Maybe that was the reason that I chose to wear an orange plaid shirt, orange pants, and my lime green faux seude jacket to the dentist. To use colors to brighten my day. To not be afraid of what others would think of me.
Sitting down on a bench in a car on the R train at 9:30 a.m., I saw a few people noticing my color combination. And, as usual, I looked around to see theirs. In a car when all the seats were taken and many passengers were standing, I saw only one other person who was not wearing a solid black or dark colored jacket or coat.
The other person was a woman wearing a dark blue or black jacket covered with bright colored flowers. Lovely, I thought. And looking closer, I saw a few bright colored sweaters, shirts, and other clothing underneath the ’standard’ New York outer garmets.
Wearing black coats or clothes is standard for New Yorkers. It’s a color that wears well (dirt and stains aren’t as obvious) and goes with almost anything. Also, it’s the choice for the severe look popular in fashion, design, and other fields.
Growing up in Los Angeles, I remember that my mother didn’t want any of her four girls to wear black. Since I was a size 18 when I just 12, I would go with my mom to Lane Bryant or the large size women’s section of department stores to try to find clothes that fit. About 98% of those clothes were black.
My older sister Alice made many of my clothes on a then old pedal powered Singer sewing machine. Ten years older than me, she chose to work her magic with bright colored cloth, never black. There was one exception.
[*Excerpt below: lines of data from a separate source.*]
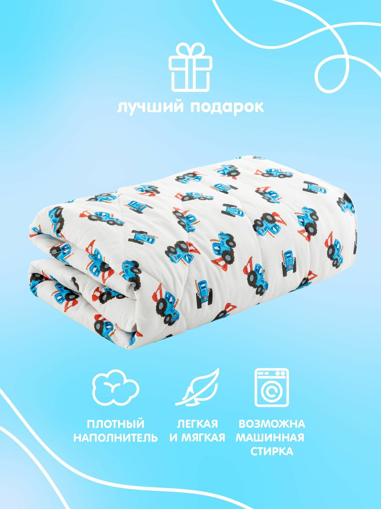 Одеяло стеганое детское 14 0х 110 Синий трактор Непоседа 140х110 интересное:
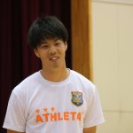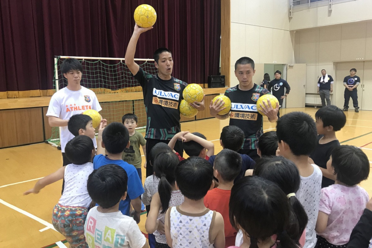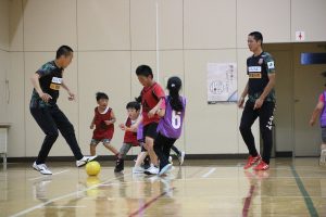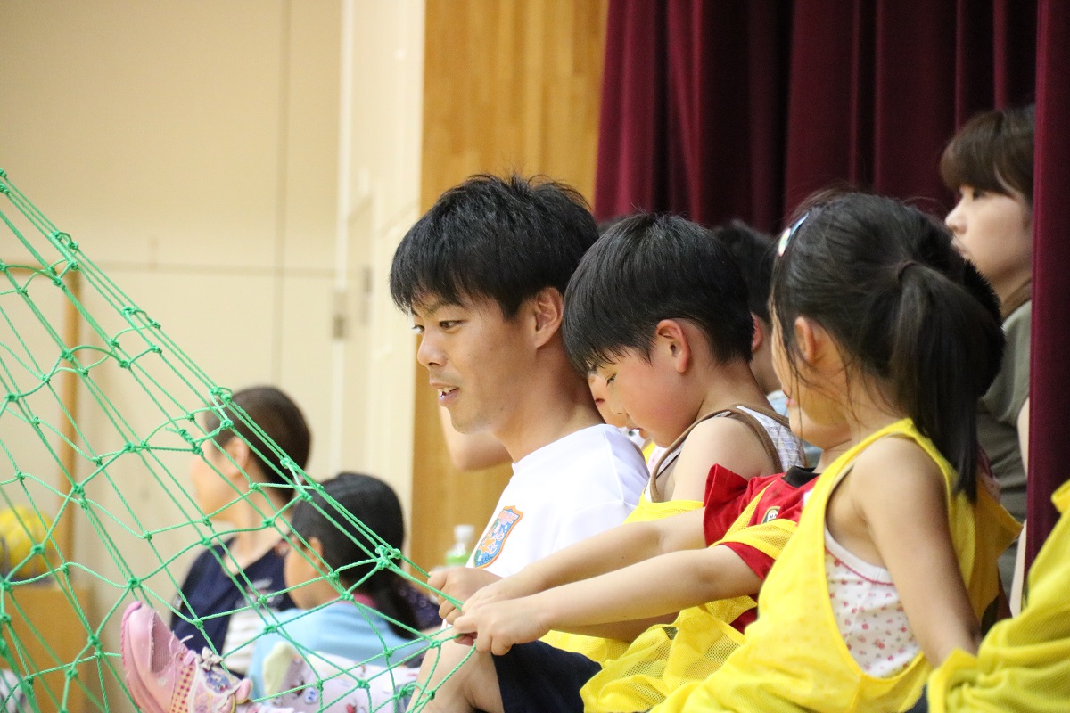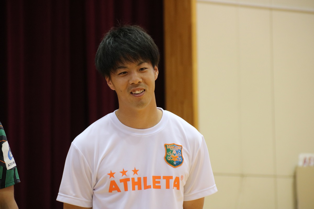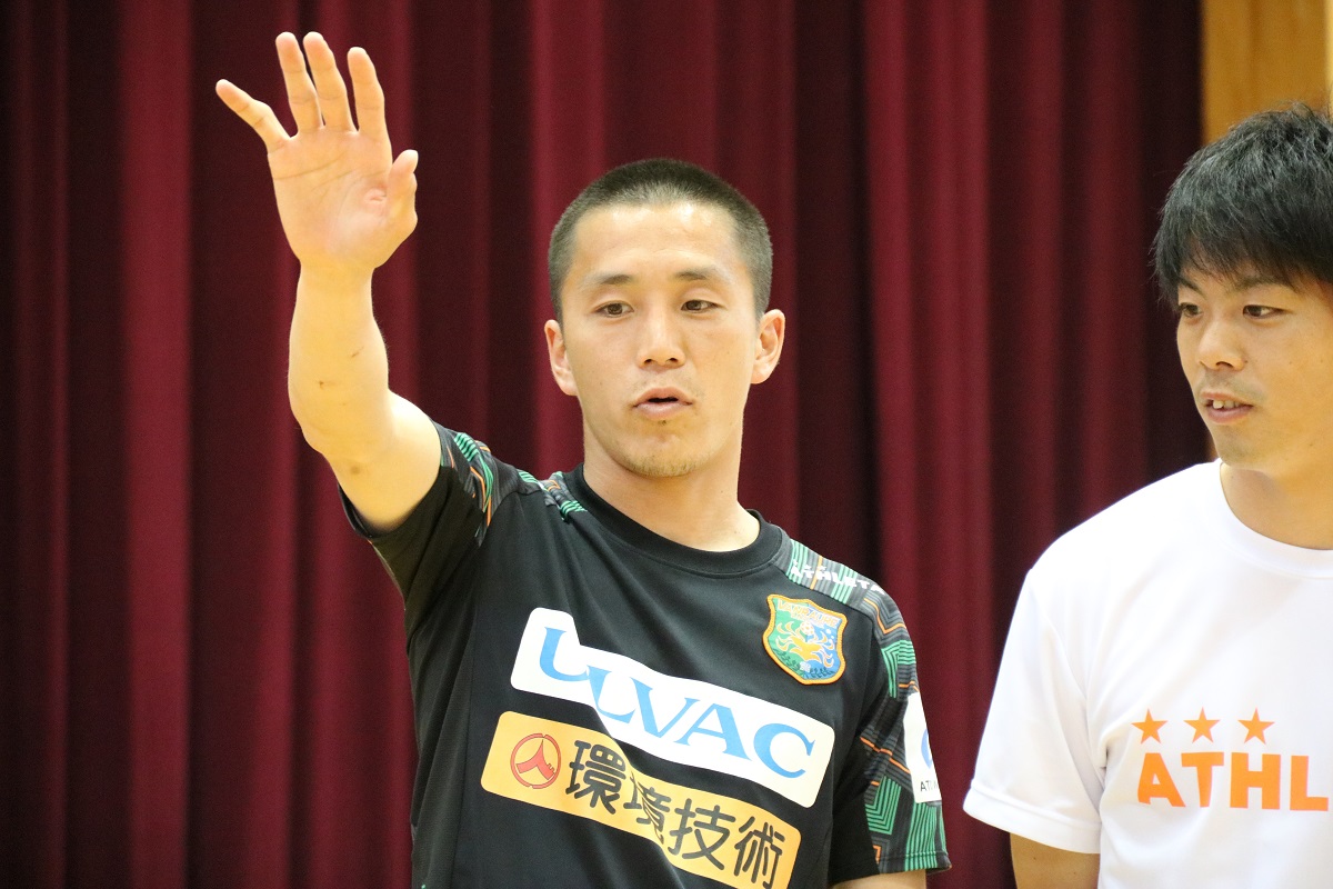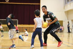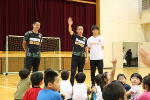 約40名の小学校低学年を中心に、ヴァンラーレ八戸の事やサッカーの楽しさを伝えました。
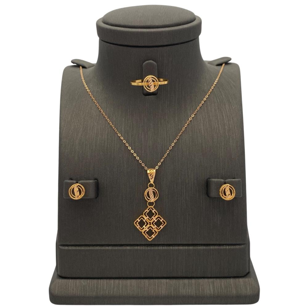 Half set of 21 karat gold, weighing 4.46 grams, featuring a luxurious and elegant design that adds a touch of beauty and charm to your look. This set includes elegant and distinctive pieces that highlight your elegance with elegance and distinction. Get this elegant set that will complete your look with elegance and charm, and make it an integral part of your precious jewelry.
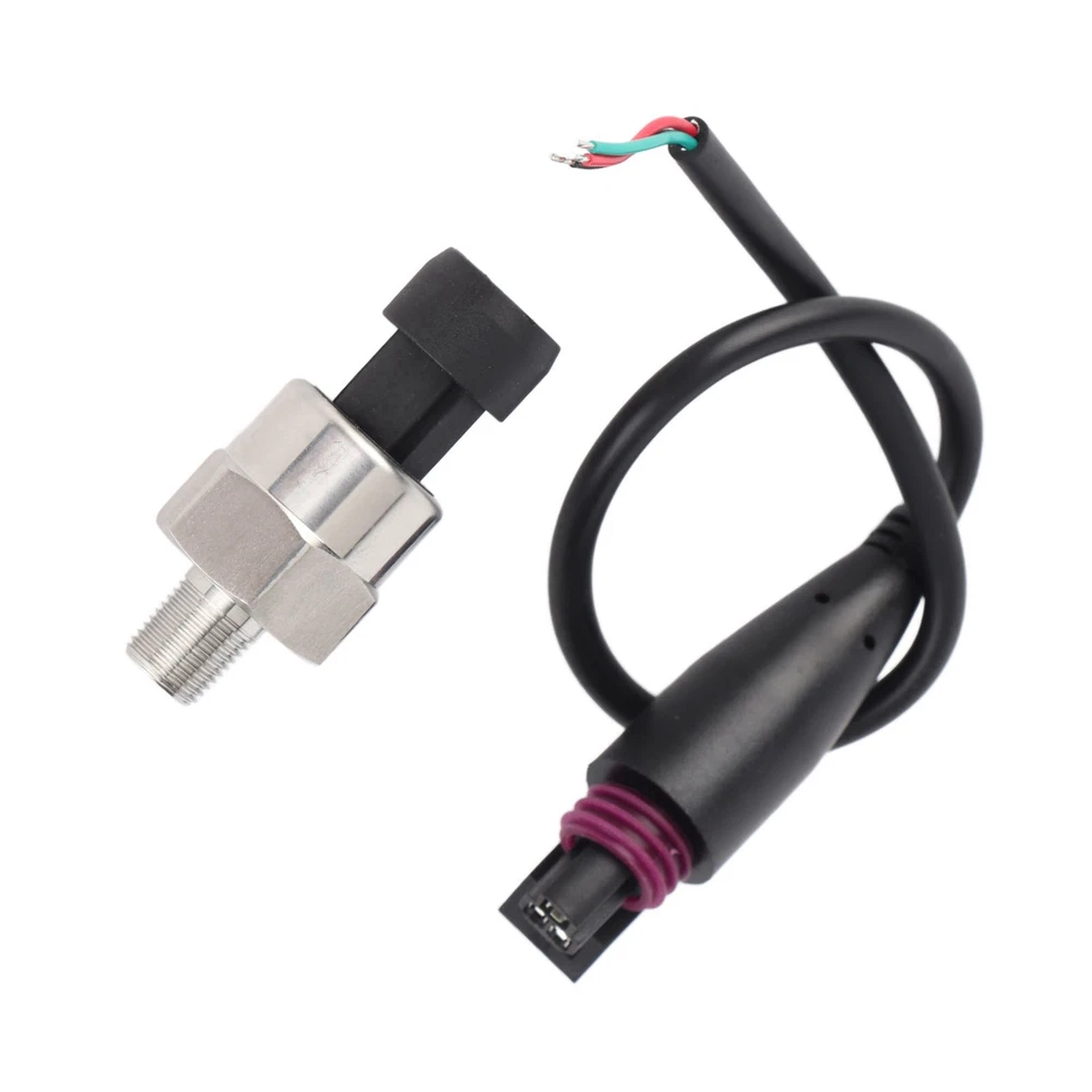 Feature: 1. It's an advance pressure transducer than traditional mechanical pressure transducer 2. ±2%FS small output error, including nonlinear, hysteresis error and repeatability, full temperature range 3. Light weight and small size, convenient to install and operate 4. It has complete surge voltage protection function 5. Works for oil, fuel, diesel, gas, water, air pressure, can be used in oil tank, gas tank, diesel tank etc Specification: Features: It's an advance pressure transducer than traditional mechanical pressure transducer. ±2%FS small output error, including nonlinear, hysteresis error and repeatability, full temperature range. Light weight and small size, convenient to install and operate. Works for oil, fuel, diesel, gas, water, air pressure, can be used in oil tank, gas tank, diesel tank etc. Specifications: Material: Stainless steel Thread Type: 1/8" NPT 30 psi Input: 0-30 psi Accuracy: within 2% of reading (full scale). Thread: 1/8"-27 NPT. Wiring Connector: Water sealed quick disconnect. Mating connector is included. Wiring: Red for +5V; Black for ground; Blue for signal output. 100 psi Input: 0-100 psi Accuracy: within 2% of reading (full scale). Thread: 1/8"-27 NPT Wiring Connector: Water sealed quick disconnect. Mating connector and wire harness (pigtail) is included. Wiring: Red for +5V; Black for ground; Blue for signal output. 150 psi Input: 0-150 psi Accuracy: +/-0.5%FS Thread: 1/8" NPT Wiring: Red for +5V; Black for ground; Green for signal output Overload Capacity: 2-4 times of rated pressure Working Temperature: -40℃~+120℃ Compensation Temperature: 0℃~+80℃ Protection Class: IP67 Pressure Medium: Oil, gas and water which is compatible with 316L stainless steel Load Resistance: ≤(supply power-6.5V/0.02A)Ω Long-term Stability: Less than 0.1%FS/year Temperature Effect on Zero: Typical:0.02%FS/℃; Maximum:0.05%FS/℃ Temperature Effect on Sensitivity: Typical: 0.02%FS/℃; Maximum: 0.05%FS/℃ Shock Resistance: 1000g Anti-Shock: ≤+/-0.01%FS(X,Y,Z axes, 200Hz/g) Response Time: ≤1ms Insulation Resistance: >100mΩ 500VDC Explosion-proof Class: ExiaTTCT6 Electromagnetism Compatibility: EN50051-1 200 psi Input: 0-200 psi Working Temperature: -40~+125℃ Accuracy: ±1%FS Thread: 1/8"-27 NPT Overload Capacity: 2 times of rated pressure Pressure Medium: Oil, gas and water which is compatible with 316L stainless steel Load Resistance: ≤(supply power-6.5V/0.02A)Ω Long-term Stability: ± 0.2%FS/year Temperature Effect on Zero: Typical: ±0.02%FS/℃; Maximum: ±0.05%FS/℃ Temperature Effect on Sensitivity: Typical: ±0.02%FS/℃; Maximum: ±0.05%FS/℃ Shock Resistance: 100g Anti-Shock: ≤±0.01%FS(X,Y,Z axes, 200Hz/g) Response Time: ≤1ms Insulation Resistance: >100mΩ 500VDC Explosion-proof Class: ExiaTTCT6 Electromagnetism Compatibility: EN50081-1; EN50082-2; IEC6 1000-4-3 Wiring Connector: Water sealed quick disconnect. Mating connector and wire harness (pigtail) is included. Wiring: Red for IN+; Black for GND; Green for OUT. 300 psi Input: 0-300 psi Accuracy: +/-0.5%FS Thread: 1/8" NPT Wiring: Red: +5V; Black: ground; Green: signal output Overload Capacity: 2-4 times of rated pressure Working Temperature: -40~+120℃ Compensation Temperature: 0℃~+80℃ Protection Class: IP67 Pressure Medium: Oil, gas and water which is compatible with 316L stainless steel Load Resistance: ≤ (supply power-6.5V/0.02A)Ω Long-term stability: Less than 0.1%FS/year Temperature Effect on Zero: Typical: 0.02%FS/℃; Maximum: 0.05%FS/℃ Temperature Effect on Sensitivity: Typical:0.02%FS/℃; Maximum:0.05%FS/℃ Shock Resistance: 1000g Anti-Shock: ≤+/-0.01%FS(X,Y,Z axes, 200Hz/g) Response Time: ≤1ms Insulation Resistance: >100mΩ 500VDC Explosion-proof Class: ExiaTTCT6 Electromagnetism Compatibility: EN50051-1. 500 psi Input: 0-500 psi (Gauge Pressure) Accuracy: +/-1%FS Thread: 1/8" NPT Wiring: Red for +5V; Black for ground; Yellow (Green) for signal output Overload Capacity: 2-4 times of rated pressure Working Temperature: -40℃~+120℃ Compensation Temperature: 0℃~+80℃ Protection Class: IP67 Pressure Medium: Oil, gas and water which is compatible with 316L stainless steel Load Resistance: ≤ (supply power-6.5V/0.02A)Ω Long-term stability: Less than 0.1%FS/year Temperature Effect on Zero: Typical: 0.02%FS/℃; Maximum: 0.05%FS/℃ Temperature Effect on Sensitivity: Typical: 0.02%FS/℃; Maximum:0.05%FS/℃ Shock Resistance: 1000g Anti-Shock: ≤+/-0.01%FS(X,Y,Z axes, 200Hz/g) Response Time: ≤1ms Insulation Resistance: >100mΩ 500VDC Explosion-proof Class: ExiaTTCT6 Electromagnetism Compatibility: EN50051-1. Package Includes: 1 x Pressure Transducer (With cable)

One year I was a witch for Halloween and my sister Alice designed and created a fantastic costume for me complete with a homemade hat. That costume won a prize at a competition held at our local park. Alice created many costumes for me and another sister; we always won ribbons at local events.
A few years ago at the urging of a close friend, I went to a color consultant and was told that I should never wear black. He said that my color was a ”bright spring” and that I could wear shades of brown but not black. Going through my closet, I purged a lot of the dark clothes that I thought would slim me and help me fit in. I kept one black 2-piece top and skirt for evening or special occasions. One occasion was Alice’s funeral in 2003, when, over my mourning clothes, I wore a yellow jacket.
Writing this a few days after what turned out to be a pretty painless trip to the dentist, I realize that the colors on the subway car on Monday struck a memory chord. The memories of the many homemade prize-winning Halloween costumes Alice created. Memories of the choices my mother and sister made for me as a child. Memories of the encouragement to not be like all the other girls but to be fearless about standing out by wearing a bright color combination, a combination I’ll wear as a leader in professinal groups, educator in front of audiences, coach who sits across a desk from her clients, passenger on a subway car.
Happy Halloween! Hope your day is a bright one. Now, I have to go and decide what I want to wear today.